-- Input records follows --
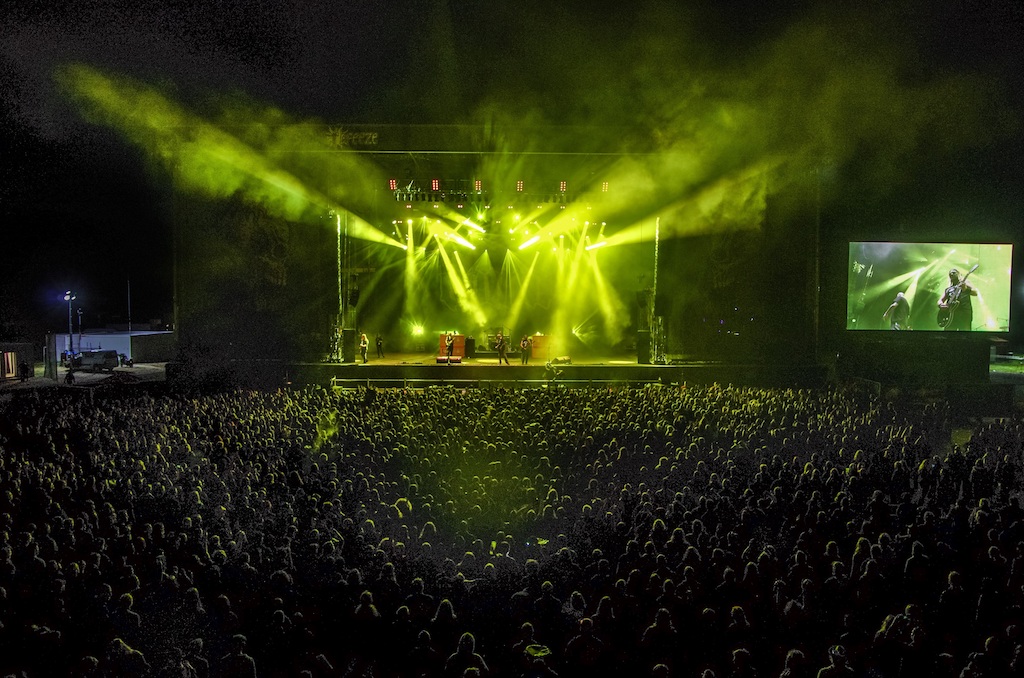 Den Schlusspunkt setzte schließlich das Summer Breeze Open Air vom 15. bis 17. August im mittelfränkischen Dinkelbühl-Sinbronn mit Auftritten von u.a. Paradise Lost, Arch Enemy, Papa Roach und Sepultura. Auch hier ist Stageco Deutschland seit mehr als 15 Jahren im Einsatz. Die 4-Tower-Bühne wurde durch seitliche Gerüstbauten ergänzt, um die aufwendige Dekoration anzubringen. Die Gesamtbreite des Bauwerks betrug somit 70 Meter. Seit vergangenem Jahr ist in die Hauptbühne eine 20-Meter-Drehscheibe integriert, die den Aufbau der nächsten Band ermöglicht, während der aktuelle Act noch spielt. Zudem kommen zwei FOH, mehrere Singletower sowie eine zweigeschossige überdachte VIP-Plattform mit integriertem Barausschank im Erdgeschoß vom Königsbrunner Unternehmen.
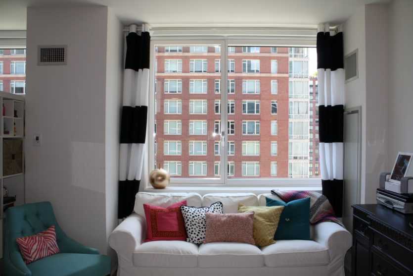 Дабы придать помещению уют и комфорт, выбирайте светлые варианты штор. Благодаря им помещение будет казаться больше. А вот при помощи полос Вы можете визуально поднять или расширить пространство.
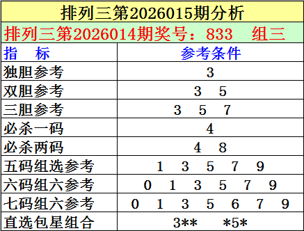 1.排列三最近十期分别开出号码:061-718-126-509-248-920-030-522-477-833,其中有4期奖号开出了上期的重复号码,本期预计第2026014期奖号:833中有重号,参考号码:3。
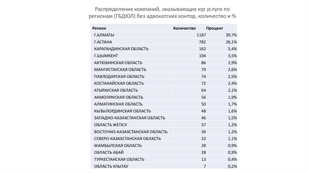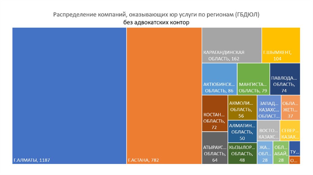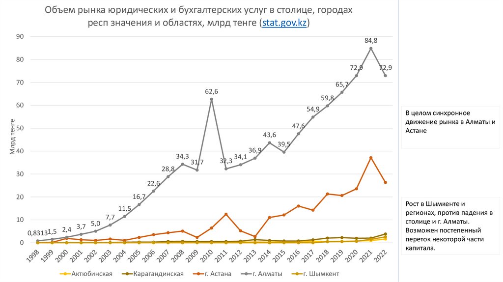 Объем рынка юридических и бухгалтерских услуг в столице, городахресп значения и областях, млрд тенге (stat.gov.kz)
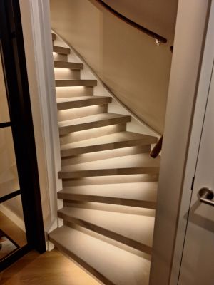 Ik kan de verlichting niet achter de trap plaatsen. Hierdoor zullen de draden onder de nieuwe overzettreden en achter de stootborden geplaatst moeten waren.
-- Input records concluded --
Instructions to follow
Only one stretch of the entries above is needed: the lines from the one containing "Дабы придать помещению" through the one containing "Объем рынка юридических". Copy it exactly, without the pictures.

Final answer
 Дабы придать помещению уют и комфорт, выбирайте светлые варианты штор. Благодаря им помещение будет казаться больше. А вот при помощи полос Вы можете визуально поднять или расширить пространство.
 1.排列三最近十期分别开出号码:061-718-126-509-248-920-030-522-477-833,其中有4期奖号开出了上期的重复号码,本期预计第2026014期奖号:833中有重号,参考号码:3。
 Объем рынка юридических и бухгалтерских услуг в столице, городахресп значения и областях, млрд тенге (stat.gov.kz)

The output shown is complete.